灯台下暗し

 月の明かりだけが照らす、真っ暗な夜の海。寄せては返す波の音がざぱーん、ざぱーんと響く。深い藍色の海から少し視線を外すと、背の高い塔が立っているのが見える。塔の上から明るい光がきらきらと注いで静かな海を照らす。

 灯台下暗し。遠くの海は照らすことができるのに、すぐ下を照らすことはできない。走ってみる。灯台の下に入ってみる。ほら、真っ暗。でも高い位置から見渡した海は月と灯台の光を反射して美しい。ふと空を仰ぎ見れば、星が瞬いているのが見える。大きく息を吸ってみれば、きんと冷えた冬の空気が肺に入ってくる。

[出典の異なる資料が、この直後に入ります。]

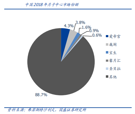 据弗若斯特沙利文行业报告显示,中国月子行业市场呈现高度分散的格局,2018年市占率前5的月子中心占比仅为11.3%,排在第一的爱帝宫市场份额也仅有4%左右。虽然品牌林立,但仍缺乏一个在全国知名且具备领导力的强势品牌,这给了爱帝宫等头部品牌很大的想象空间。
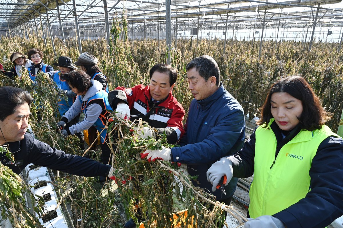 이날 자원봉사자들은 전국적인 한파 특보 속에서 피해 농가의 빠른 복구를 돕기 위해 시설하우스 내 방울토마토 고사주 정리와 수확 잔여물 처리 등을 하며 구슬땀을 흘렸다.
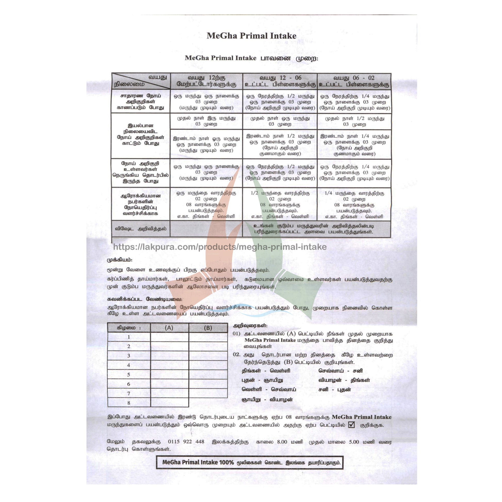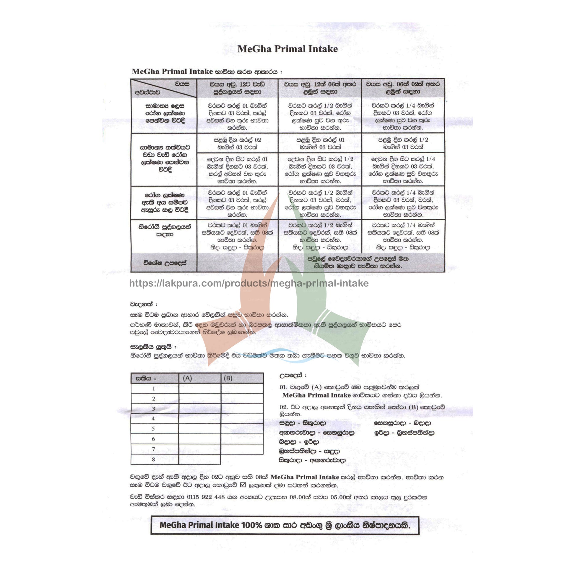 MeGha Primal Intake is a 100% natural food supplement invented to enhance immunity in the human body and contains no artificial colours, flavours and preservatives. It is manufactured in Sri Lanka in an ISO 22000 and GMP certified facility. MeGha Primal Intake is developed with the aid of a diverse team of scientists and western doctors who have put in hours of research.
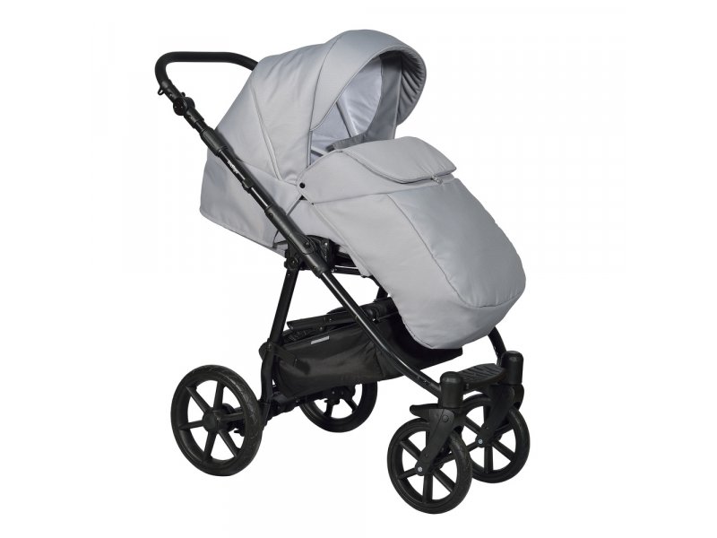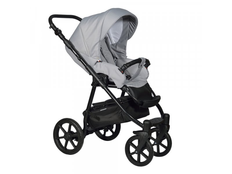 Шасси: Рама коляски изготовлена из алюминия, вес коляски с люлькой составляет чуть больше 13 кг. Регулируемую кожаную ручку легко настроить под свой рост, так что гулять с коляской будет удобно любому члену семьи независимо от роста. Передние поворотные колеса делают коляску маневренной и легкой в управлении, ну а если нужно повысить проходимость – фиксируем колеса и смело отправляемся преодолевать препятствие. Бескамерные износостойкие колеса из полиуретана не боятся проколов и не требуют подкачки. Плавность хода обеспечат регулируемые пружинные амортизаторы и система AntiShok на передних колесах. Задние колеса устанавливаются с использованием системы выдвижных осей. Благодаря ей сложенная рама со снятыми колесами будет занимать меньше места и, самое главное, торчащие оси не поцарапают багажник автомобиля. Ширина колесной базы задних колес – 59 см. Коляска без труда заедет в обычный лифт или поднимется по стандартному пандусу
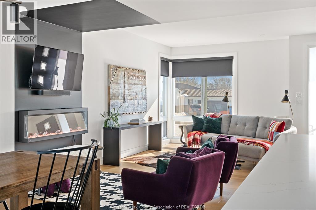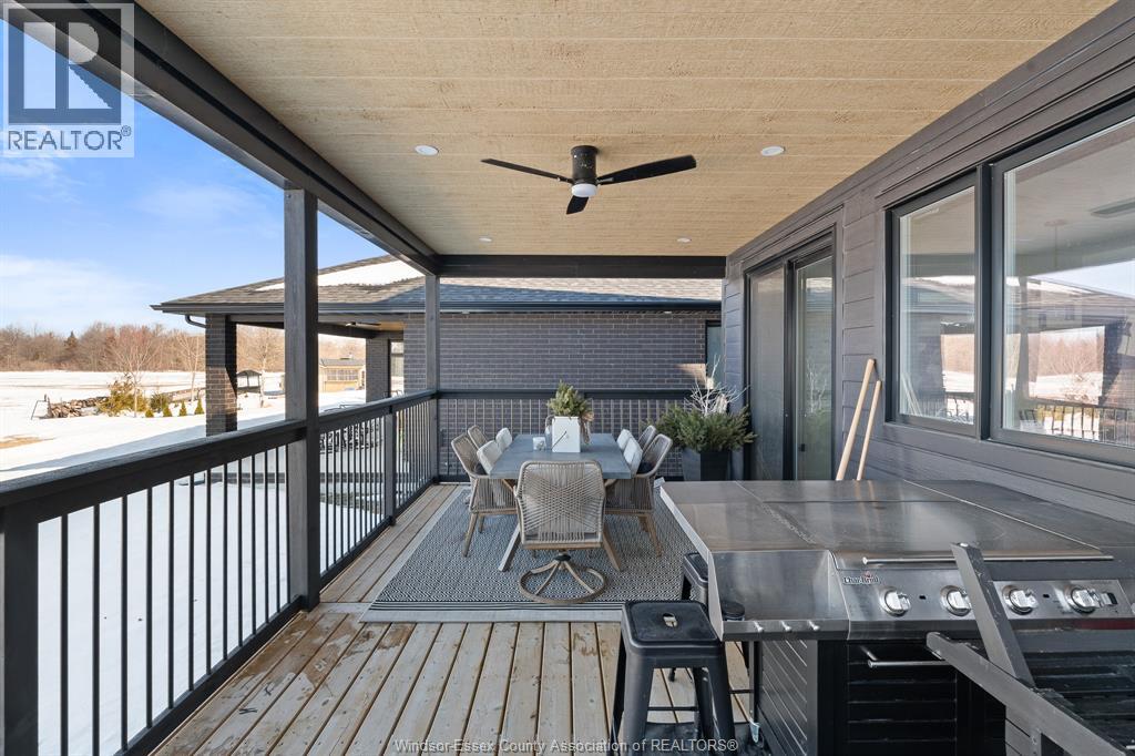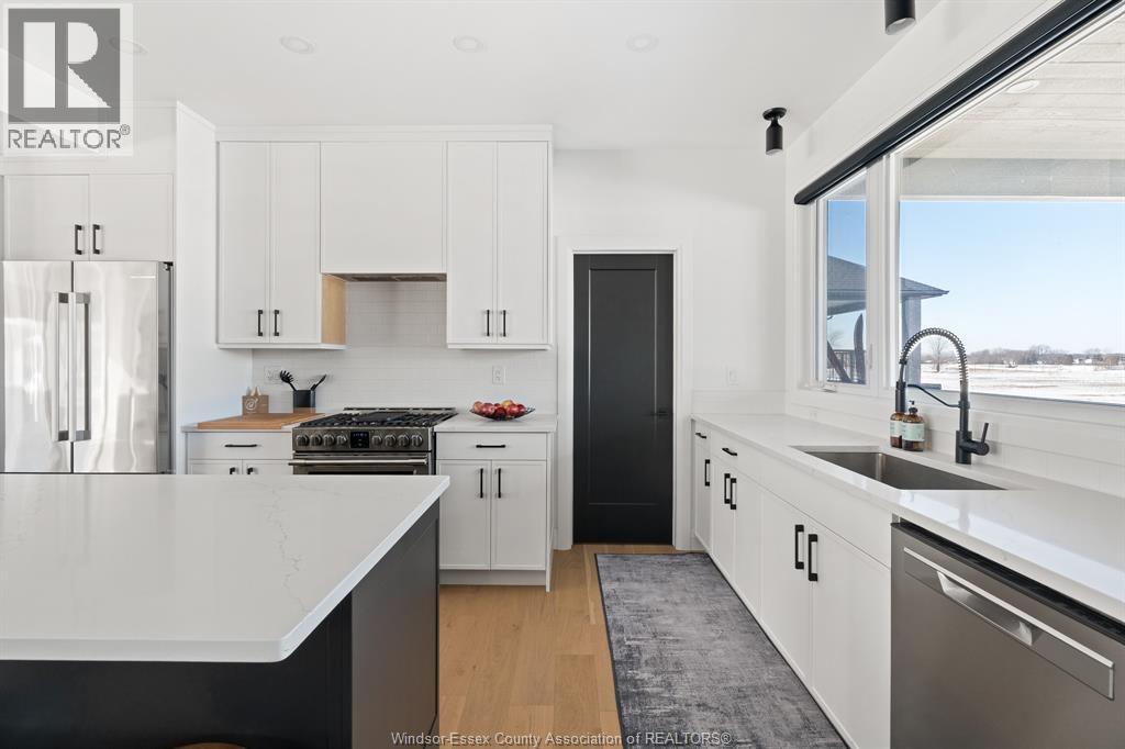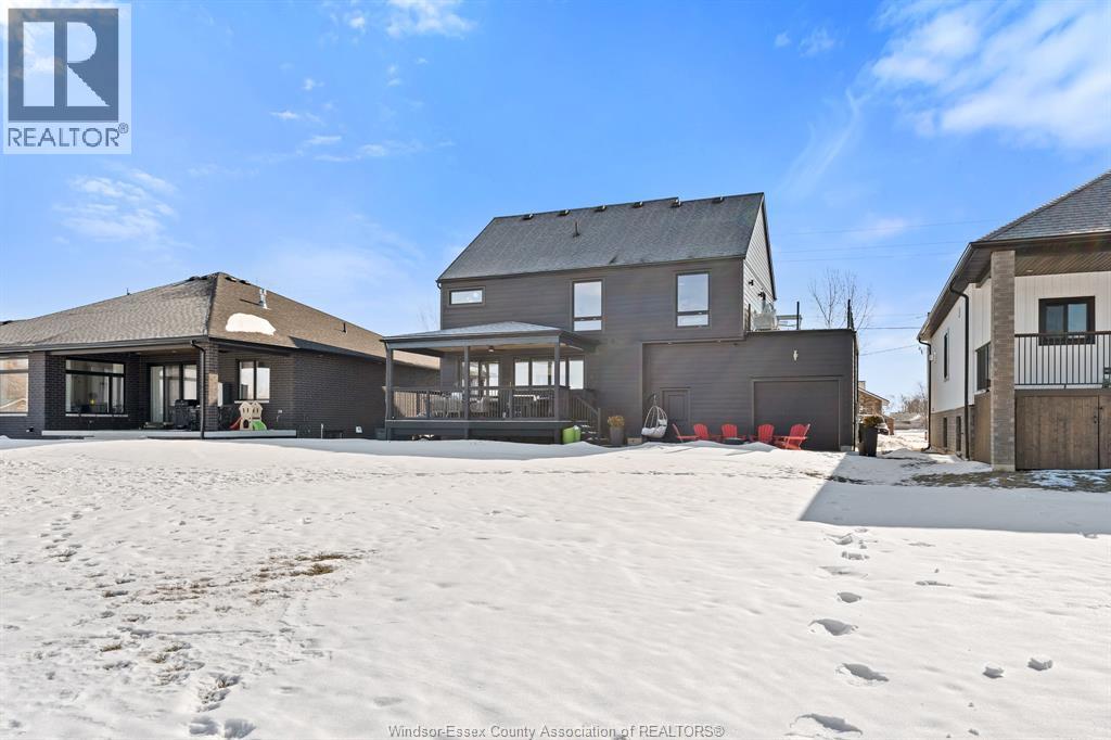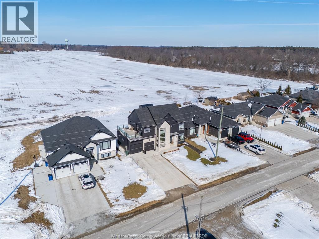 Modern design meets comfort in this stunning, 2-storey. Featuring 4 bedrooms and 3.5 baths, including a gorgeous primary suite with walk-in closet, walk-in shower, and soaker tub. The bright, open kitchen offers a centre island, walk-in pantry, and all major appliances included. The finished lower level boasts 10-ft ceilings, a cozy gas fireplace, and full bath. A wet bar opens to a 25' x 12' rooftop terrace with glass railing — perfect for relaxing or entertaining. Enjoy premium finishes throughout including James Hardie siding, a full-stone entrance, covered rear porch, concrete driveway, and rear pad off the tandem garage door. Steps from Lake Erie and Holiday Harbour, and just minutes to Leamington. Move in and start living your lakeside lifestyle today! (id:64974)
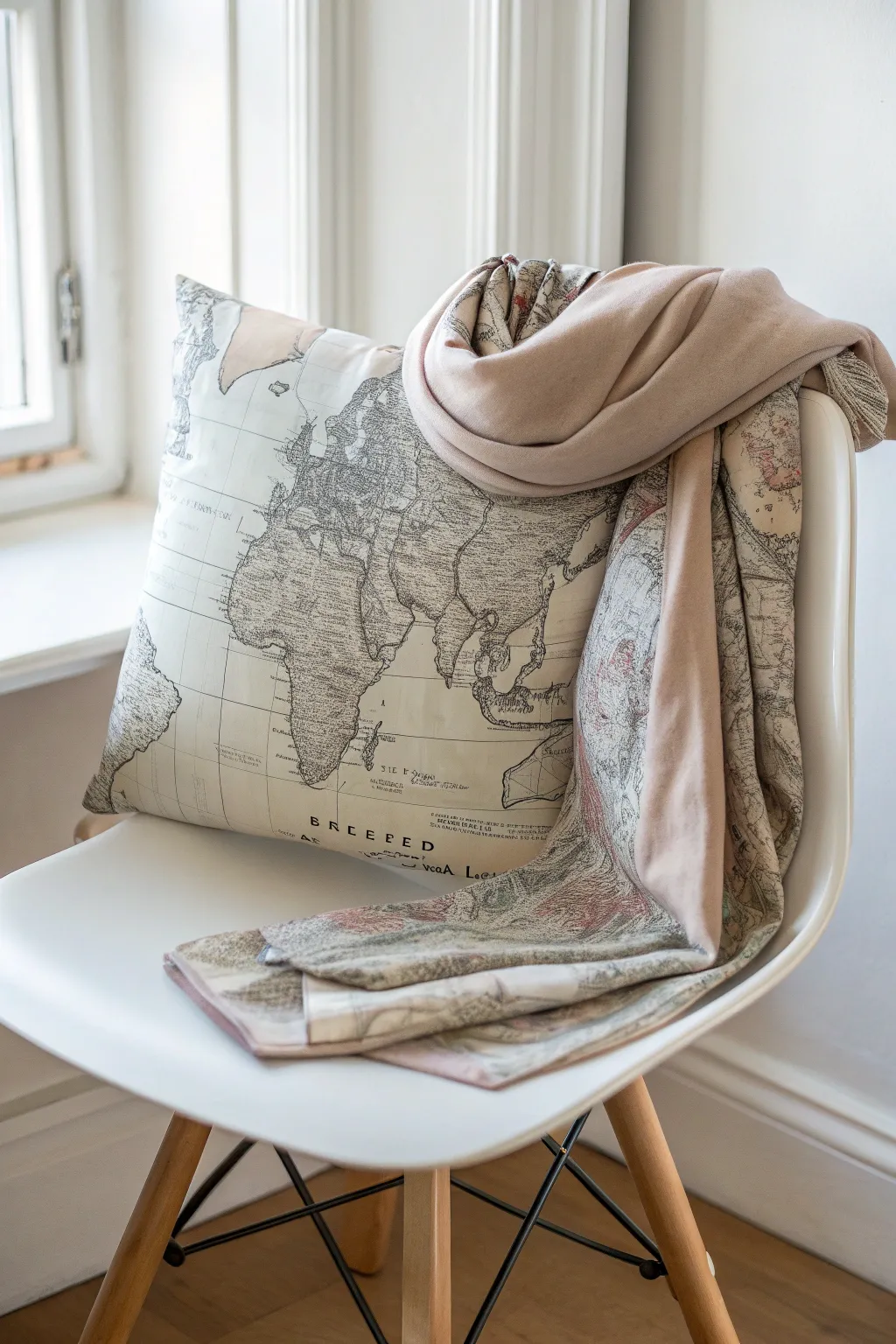 Use fabric from travel-related garments to create a pillow that encapsulates wanderlust. I turned an old map-print scarf into a pillow, and now it’s a constant reminder of my adventures.
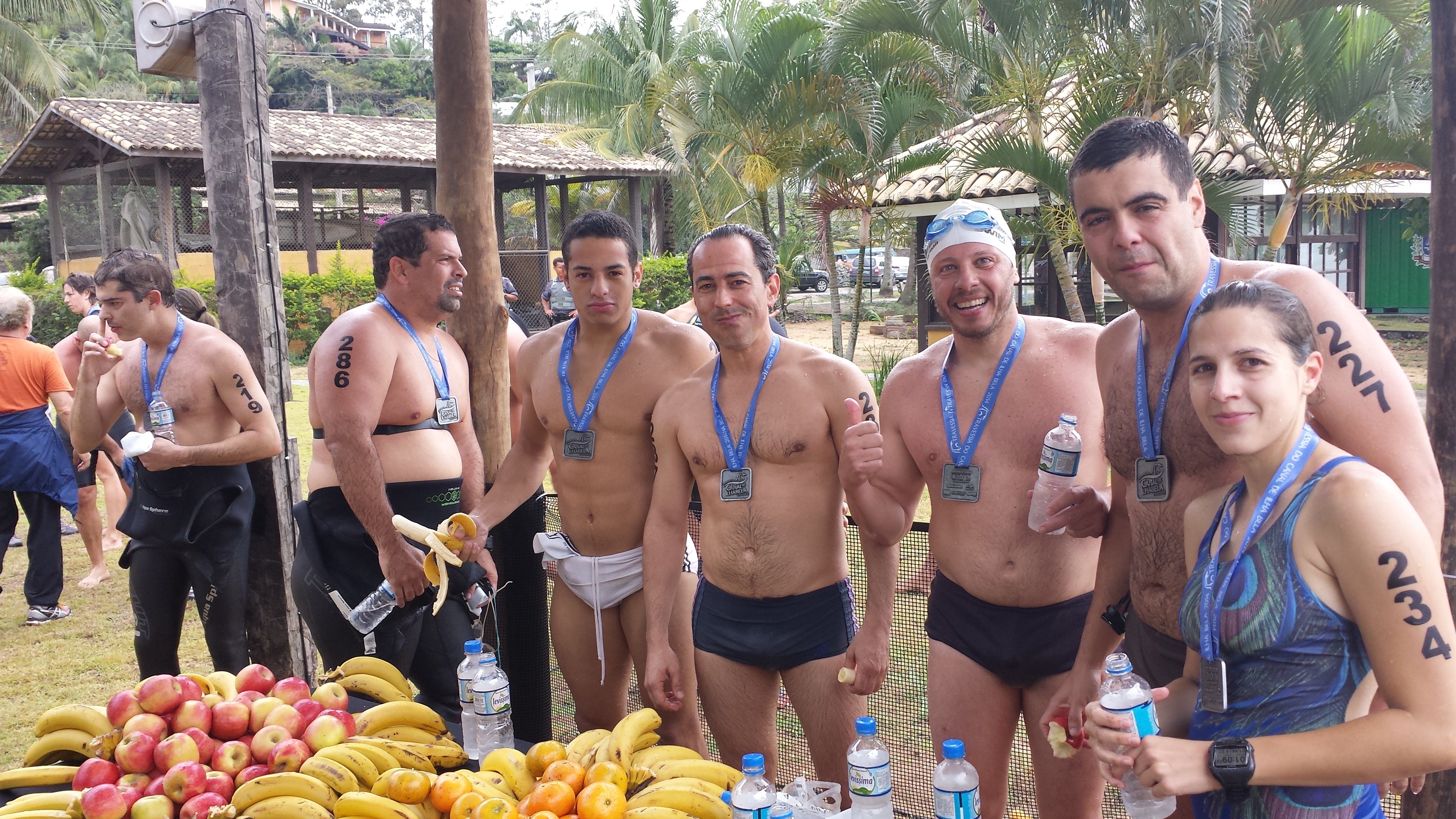 Obtendo as frutas no fim da prova. Notem o grande número de nadadores com trajes.
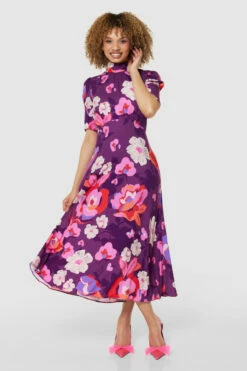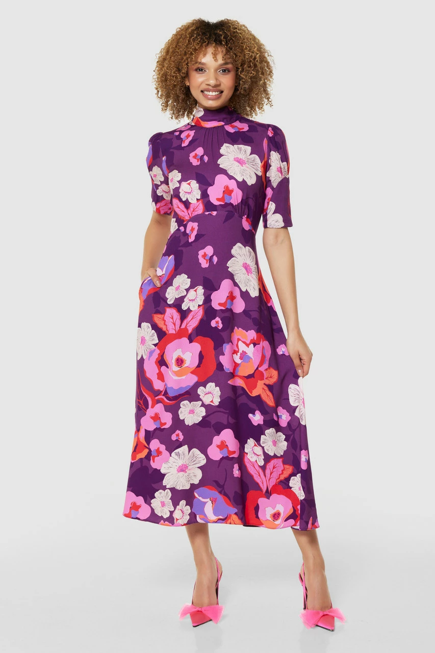 Details: Puff sleeves, Gathers on shoulders & Waist, A- line silhouette, Loose fitting, Side pockets, Floral print
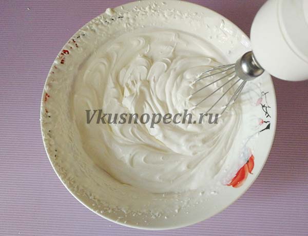 Для приготовления крема, в отдельной емкости взбиваем охлажденные сливки до “мягких пиков”.
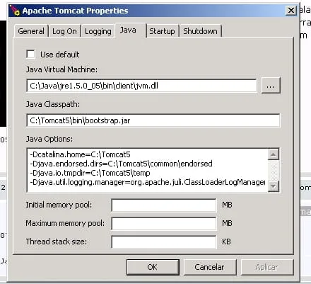 Não sei bem direito o caminho, mas qndo o TomCat e istalado no Windows, se vc for em Iniciar/Programas/Apache Tom Cat/ vai encontrar uma ferramenta de configuração, nesta ferramenta existe uma aba com os parametros que vc tem que passar para JVM.
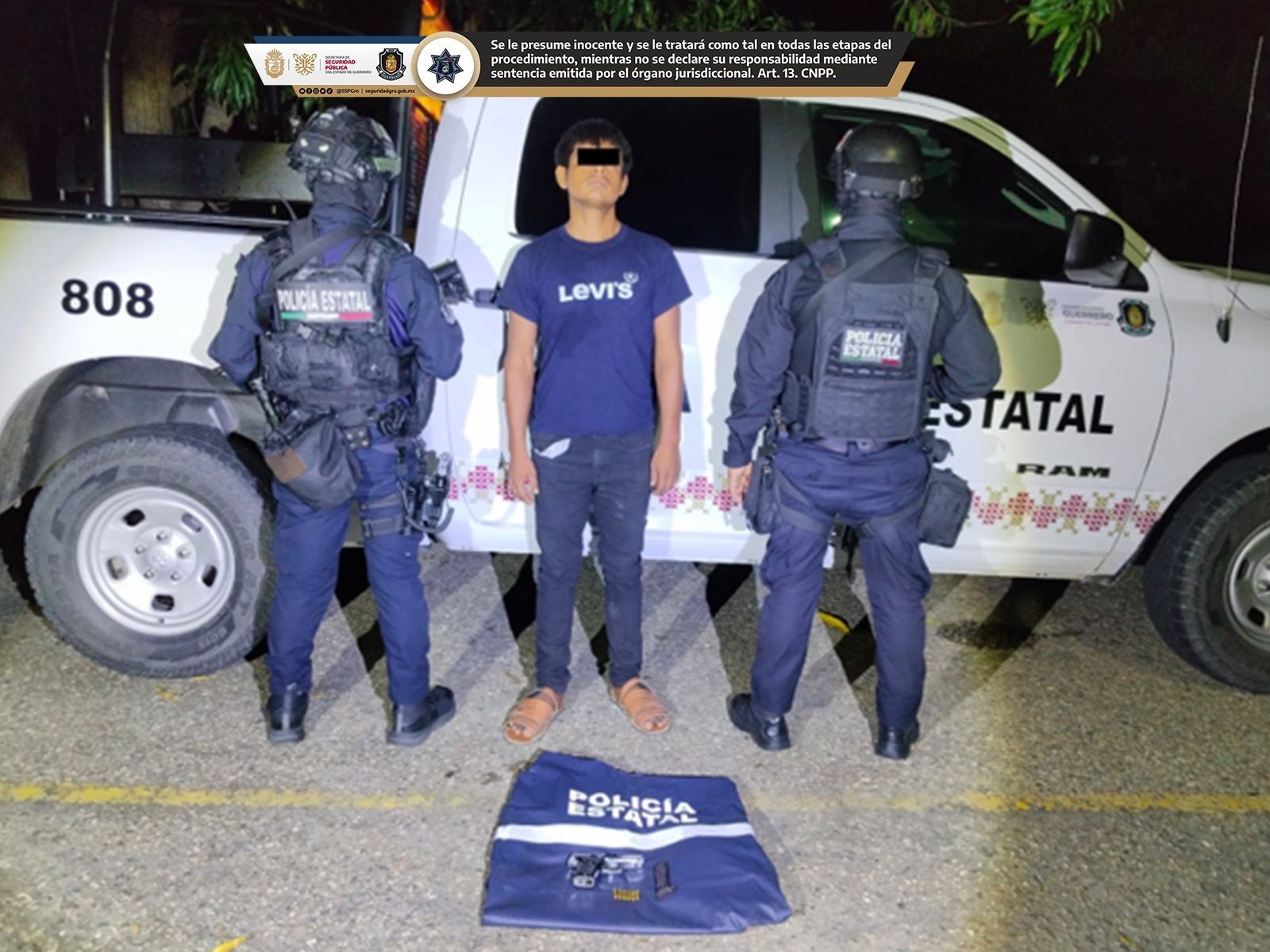 Policía Estatal detiene a un masculino con un arma de fuego corta, un cargador y seis cartuchos útiles en el municipio de Azoyú.

 本題に移ろう。私が思うに、SMというものは灯台の下のようなものなのではないか。幼少時より暴力的なものに興味はあったものの、SMにたどり着いたのは高校も終わりになってからだった。暗いイメージがあるから、ちょっとよく分からないから。そうやって灯台が照らす明るい世界ばかりに目を向け、その下にも行かずに恋愛ものを眺めていた。普通の、女子高校生みたいに。でも気づく。私がこうやってSMにたどり着いたのって、自分の「闇」や「欲求」に素直になった結果なんじゃないか。自分をしっかり見つめた結果なんじゃないか。灯台の下が暗いことなんてみんな分かってる。そこに目を向けようとしないだけ。走ってみればいい。飛び込んでみればいい。苦しくて、辛いかもしれない。時には偏見の目にさらされるかもしれない。でもきっと、そこにはきらりと光るものがある。自分を見つめてそうして見つかった「本能からの欲求」を満たすことのできる場所がある。だから私は勇気をもって、荒波に飛び込んでみるんだ。何かを失っても、誰かに軽蔑されても、私は私だから。もっと、遠くへ、遠くへ。深い海の底へ。